To recover the energy output lost in the Middle East from the conflict there will take about two years, Fatih Birol, the head of the International Energy Agency (IEA), said on Friday, while signaling that further emergency stock releases remain under consideration.
"That will vary from country to country. In Iraq, for example, it will take much longer than in Saudi Arabia," Birol told an interview with Switzerland's German-language daily Neue Zuercher Zeitung newspaper.
"However, we estimate it will take approximately two years overall to reach pre-war levels again," he said.
Birol added that the market was underestimating the consequences of a prolonged closure of the Strait of Hormuz.
But he said production would improve significantly once the key waterway reopens; however, reaching full capacity would still take time.
Shipments of oil and gas that were already en route to their destinations before the war in Iran began have now arrived, mitigating the impact of shortages, he said.

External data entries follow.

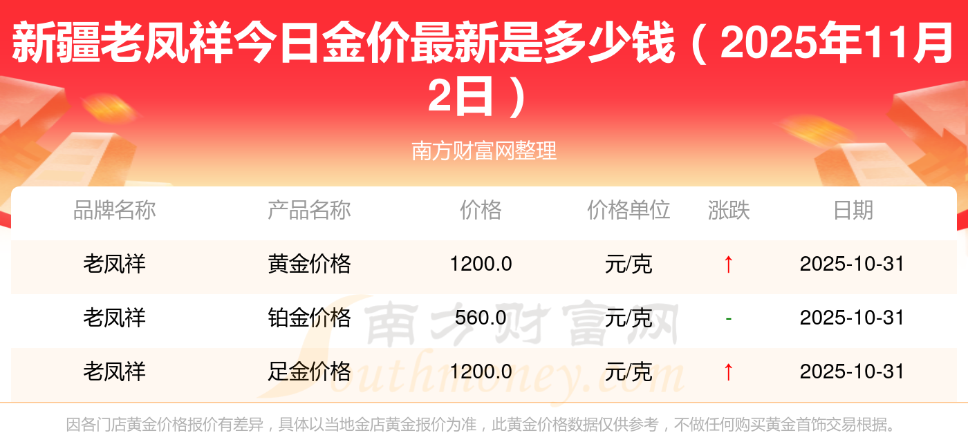 現在新疆老鳳祥黃金價格表_新疆老鳳祥黃金多少錢一克(2025年11月2日)
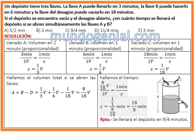 Un depósito tiene tres llaves. La llave A puede llenarlo en 3 minutos, la llave B puede hacerlo en 6 minutos y la llave del desagüe puede vaciarlo en 18 minutos. Si el depósito se encuentra vacío y el desagüe abierto, ¿en cuánto tiempo se llenará el depósito si se abren simultáneamente las llaves A y B?
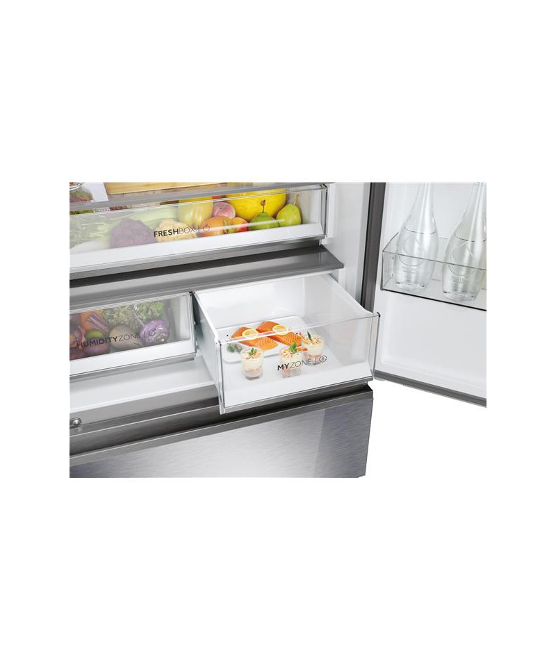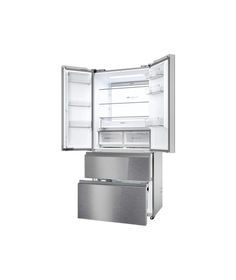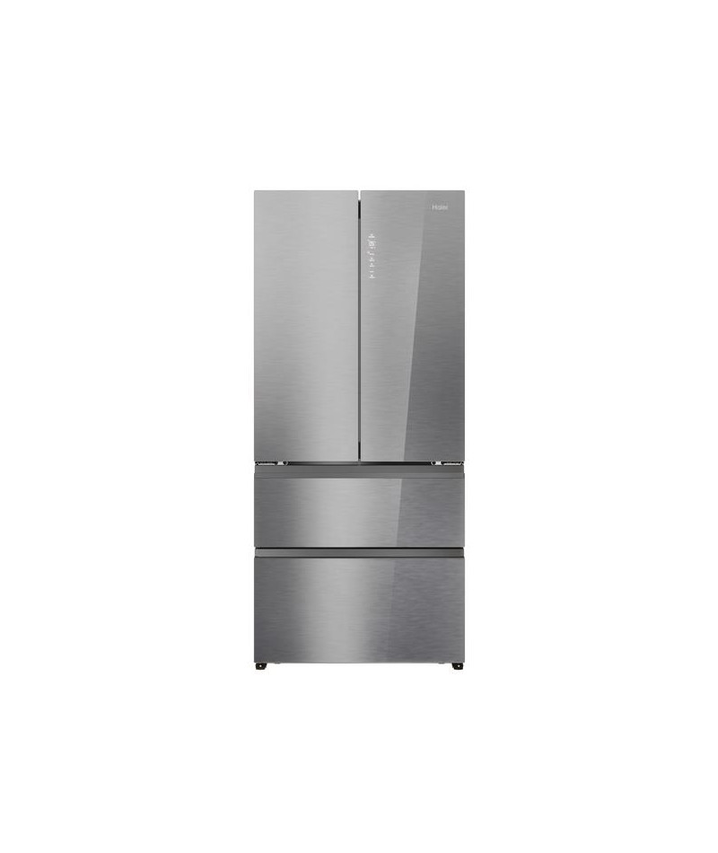 Réfrigérateur 2 portes + 2 tiroirs Haier HFR7819ENGC - Avec une capacité totale de 504 L, dont 344 L pour la réfrigération et 160 L pour la congélation, ce modèle offre un espace généreux et une organisation optimale - Le froid Total No Frost Air Surround assure une diffusion homogène de l’air pour préserver plus longtemps la fraîcheur et le goût des aliments - Le compresseur Inverter garantit des performances constantes tout en réduisant la consommation d’énergie et le niveau sonore - Les commandes électroniques en façade permettent un réglage simple et précis des températures et des fonctions - L’éclairage Daylight en colonne diffuse une lumière puissante et homogène sur l’ensemble du réfrigérateur, améliorant la visibilité sans éblouir - Le traitement antibactérien ABT PRO agit dans les deux compartiments pour éliminer 99,99 % des bactéries et contribuer à une meilleure hygiène - Le réfrigérateur dispose de 4 clayettes en verre trempé, 6 balconnets de porte, une FreshBox, un compartiment My Zone et une Humidity Zone pour adapter les conditions de conservation selon les aliments - La fonction super réfrigération permet de refroidir rapidement après un plein chargement - Le congélateur est équipé de 2 tiroirs transparents offrant une grande capacité et un accès pratique - Pose-libre, il mesure 190 x 83 x 63,6 cm et séduit par son design en inox avec revêtement verre Iconic Glass et poignées intégrées.
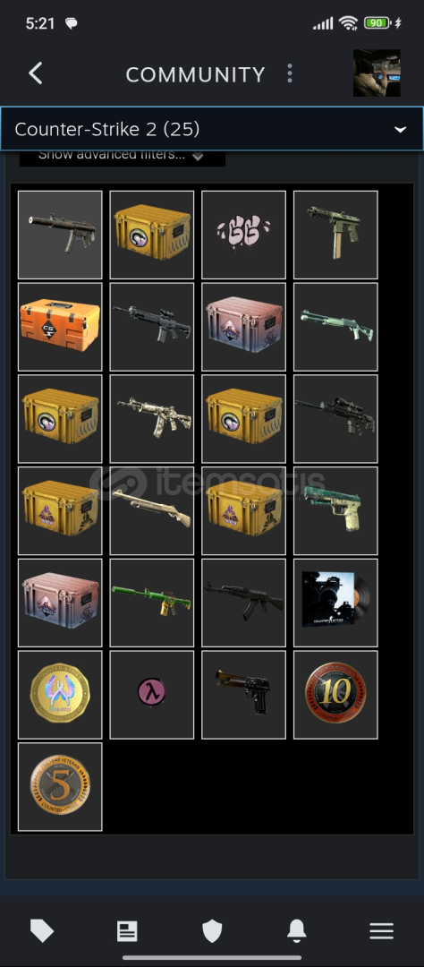 HESAPDA CS2 ENVANTERİMDE YAKLAŞIK 20-30 DOLAR EDİCEK EŞYALAR BULUNUYOR.
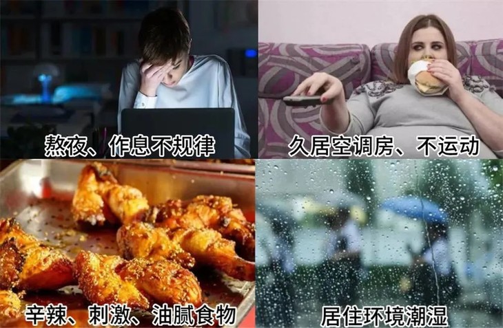 都市人久坐不动、熬夜、吹空调,血液循环能力减弱,体内湿气严重,多余油脂无法排出,转移到皮肤,就会造成皮肤暗黄、长斑。
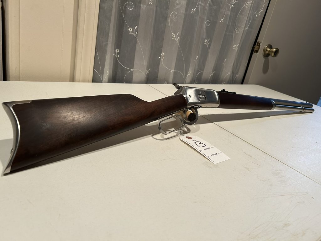 13. Like new Rossi 44 magnum lever action, stainless steel, walnut stock & forearm, 24” octagagroove barrel, full length magazine tube. Serial #: SMO60011.
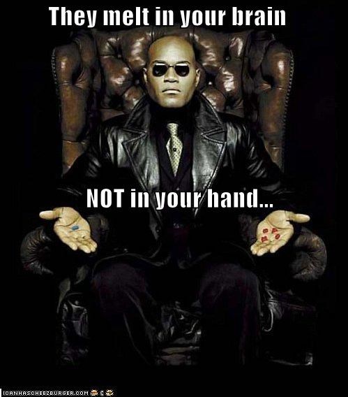 They melt in your brain NOT in your hand... -Laurence Fishburne

"But no new tankers were loaded in March. There were no new deliveries of oil, gas or fuels to Asian markets. This gap is now becoming apparent. If the Strait of Hormuz is not reopened, we must prepare for significantly higher energy prices."
He said poorer countries could face the heaviest burden because weaker currencies and limited financial resources leave them more exposed to rising import costs.
Asked whether the IEA could carry out another release of emergency oil reserves after its March move, Birol said the agency was ready to act immediately and decisively.
"We're not there yet, but it's definitely under consideration," Birol said.
In March, the agency released 400 million barrels from emergency reserves, the largest drawdown in the agency's history.
Birol stressed reserve releases can only ease short-term bottlenecks, noting that the most important step for stabilizing energy supply is the reopening of the Strait of Hormuz.
Any move that helps reopen the waterway would be positive, he added.
Birol also said the IEA is tracking widespread damage to regional energy infrastructure, warning that markets should not expect an immediate return to normal even after the strait reopens.
He also warned that shortages of refined products such as kerosene and diesel could emerge if crude shipments fail to reach refineries, raising the risk of flight disruptions, cancellations, and industrial supply problems in some countries.